4. Running a media enterprise is a public trust. A license has to be used for public service
only.
 Mass Media therefore, is a public trust for public service. This has been the orientation
of the Communication Foundation for Asia (CFA) since the late 1960s. Through print, CFA has
supported agricultural development goals, population planning projects, social justice.
 It developed weekly and monthly publications like Ang Tao and Action Now before
martial law. In recent years, it published the monthly Gospel Komiks and Pambata Magazine to
aid schools in character and moral formation. – all of these projects are intended to utilize
positive mass media in accordance with the new morality. Development of the people,
therefore, is CFA’s basic commitment, whether through formal or nonformal education,
wholesome entertainment or people-oriented programs. This is the foundation of true,
meaningful development communication. It recognizes the value of freedom and responsibility.

5. True freedom always goes with a corresponding responsibility, purpose and direction.
 “People get the government that they deserve,” – people get the kind of public
institutions that they want and deserve. And people will get the kind of mass media and the
kind of programs that they deserve.
 Do people deserve a “freedom-for-all” mass media, promoting values of rugged
individualism, materialism and greed which inevitably lead to widespread graft and corruption
in ever the lowest level of public office?
Do they deserve a powerful, influential media that systematically negates moral
values which teachers diligently inculcate in the classroom?
Or would teachers rather have a responsible mass media-promoting, and
actually leading by examples, such values as social responsibility, public service as public
trust, social justice, productivity, industry, and morality? This leads to the next point,..

6. Values education, for better or for worse, is carried out in a more powerful way by
Mass Media.
 Teachers must be aware that values education does not begin and end in the classroom,
not even in the school.
 An enlightened mass media producing quality material would indeed enhance, reinforce
and hasten values education throughout the country. Thus, the teachers and media no longer
need to be at cross-purposes, but true and real partners in values education.
The teachers have a special, critical role developing values in the students with
regard to radio and television programs and printed materials.
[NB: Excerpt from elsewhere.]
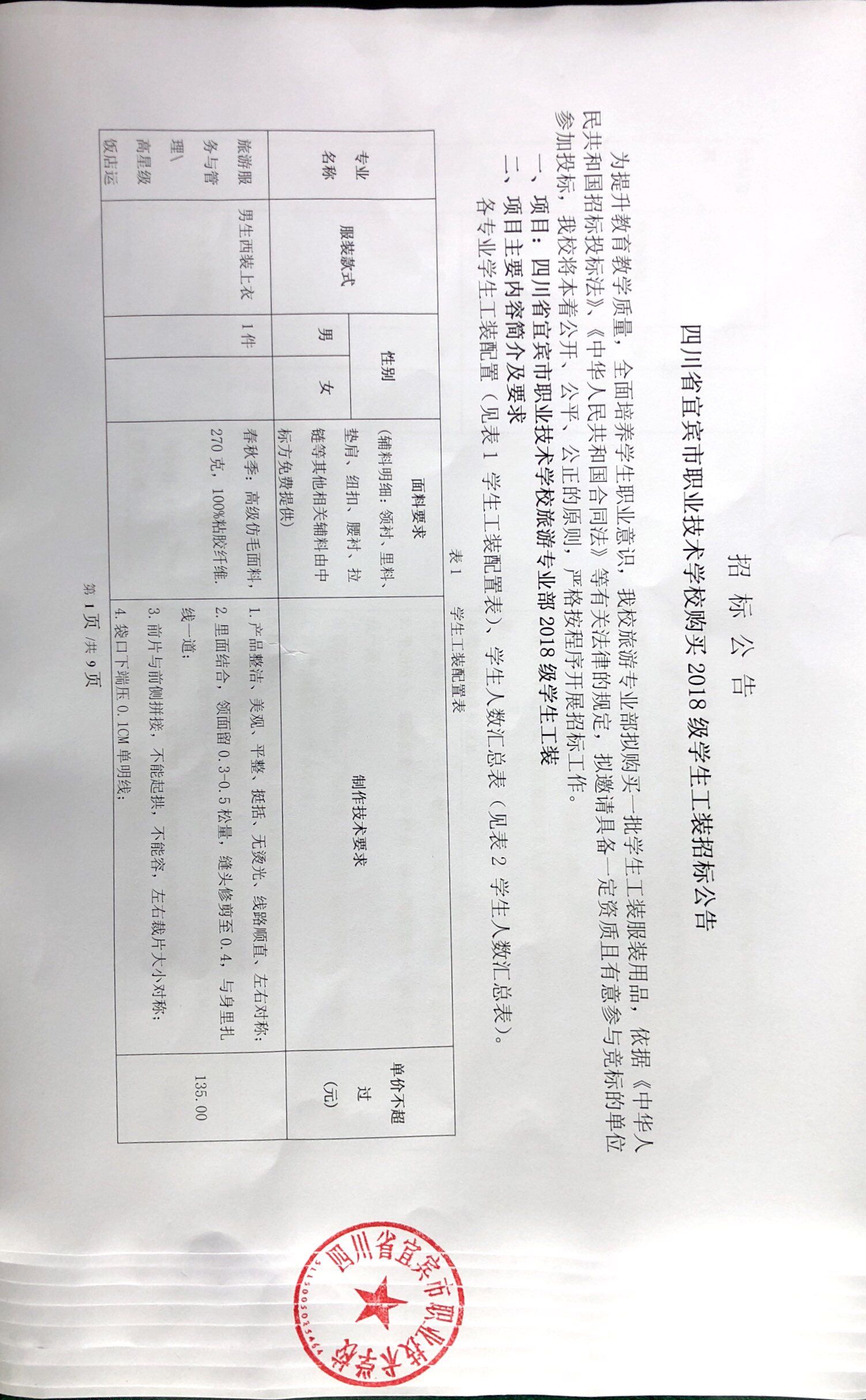 机电专业部2018级学生工装招标公告

The schools and teachers
can integrate mass media education in the curriculum and so influence the students on
what newspaper, magazines and books to read. They can guide their choice of radio and
TV programs to listen and watch.
In this are both the teachers and development communicators must forge a
tight partnership. There are ways mass media practitioners can cater to the needs of
value development. The mass media must explore different ways of supporting and
complementing teachers’ efforts.
Conversely, the teachers’ wholehearted support is definitely required in
development-oriented mass media projects.
Teachers may have to exert more effort in guiding students and pupils, by way
of assignments or suggestions, towards wholesome and values-laden reading materials
and broadcast programs. This would mean greater media consciousness for the
teachers. Those in development communication are aware of this and will help in any
way to light this burden.
 Example: Regular workshops and review sessions.

Ending:
The influence of media on the youth is no longer a matter of conjecture. It has the
potential for good as well as for bad. But then, Media can be turned into a positive instrument
for developing values.
Through the media we receive information, acquire vicarious experiences, and develop
attitudes and values that otherwise would not be within their reach. In this way, the media are
performing the function of educators and teachers.